= Dog spinning =

Ritual practiced in Bulgaria

Dog spinning (тричане на куче(та), trichane na kuche(ta)) is a ritual that was traditionally practiced on the first day of Lent in the village of Brodilovo in southeastern Bulgaria. The ritual is thought to have pagan origins
and was performed in order to prevent rabies.

In dog spinning, a dog is suspended above water on a rope. The dog is turned repeatedly in a given direction to wind the rope, or is inserted into a loop of rope that has been twisted already. The dog is then released so that it spins rapidly in the opposite direction as the rope unwinds, and falls into the water once the rope has run out.

== History ==
Historically the ritual was performed in many other parts of Bulgaria as well and although the exact practice varied regionally, e.g. whipping or beating the dogs instead of spinning them, it was performed on the same date and with the same goal.

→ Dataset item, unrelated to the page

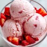 4. Serve: Once frozen, scoop the strawberry Greek frozen yogurt into bowls and optionally garnish with extra chopped fresh strawberries for added texture and flavor.

Reports of this type of ritual can be found as early as 1869.

== Animal welfare concerns ==
The Swedish newspaper Aftonbladet reported protests at the Bulgarian Embassy in Stockholm about the cruelty of this tradition. These occurred as Bulgaria prepared to join the European Union in 2005.

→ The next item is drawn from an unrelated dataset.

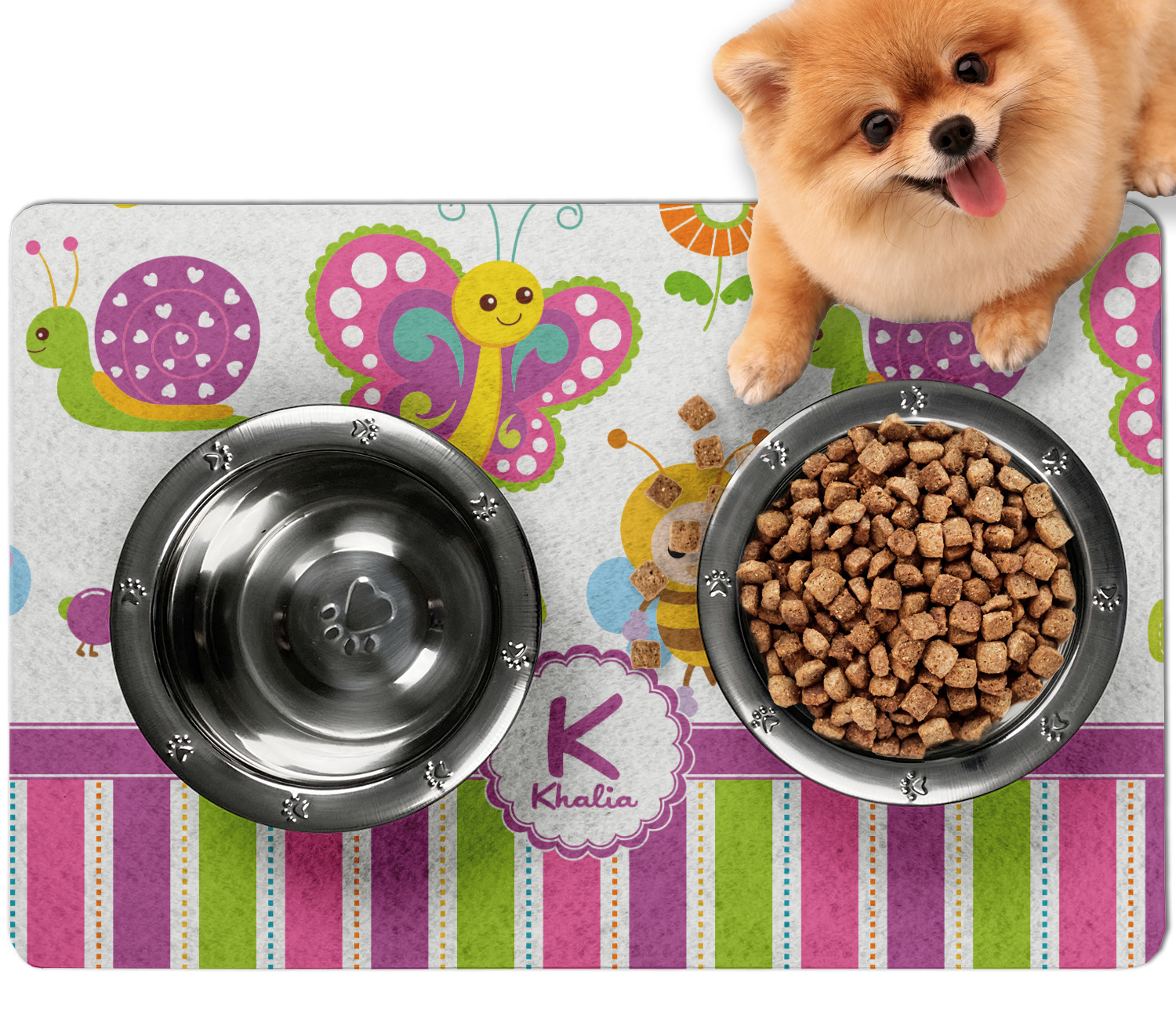 This dog bowl mat, fabricated from polyester, proudly displays your customized design on its top, while its bottom includes a non-slip rubber. This feature allows it to remain firmly in place, even when your dog spills his/her water. With 3 sizes available (18" x 12", 24" x 18", 30" x 24"), the pet food mat has ample space for both a food and water bowl for any sized dogs. Though specified for dogs' use, these mats are also a splendid option for cats.

A reference in English is in a press release issued by the Green Party of England and Wales, issued on July 29, 2005. It includes a statement from Green Party MEP Caroline Lucas, vice-president of the RSPCA and the European Parliament's cross-party Animal Welfare Intergroup. Dr Lucas criticised it as being cruel to dogs, saying "Dog-spinning is a barbaric practice and must not be allowed to continue into the 21st century."

The Sofia Echo reported the practice in March 2011.

The practice of the ritual was banned by the mayor of Tsarevo in 2006 after complaints by Bulgarian animal welfare organizations. There have been reports of the practice continuing sporadically, and animal welfare organisations have tried to ensure this does not happen.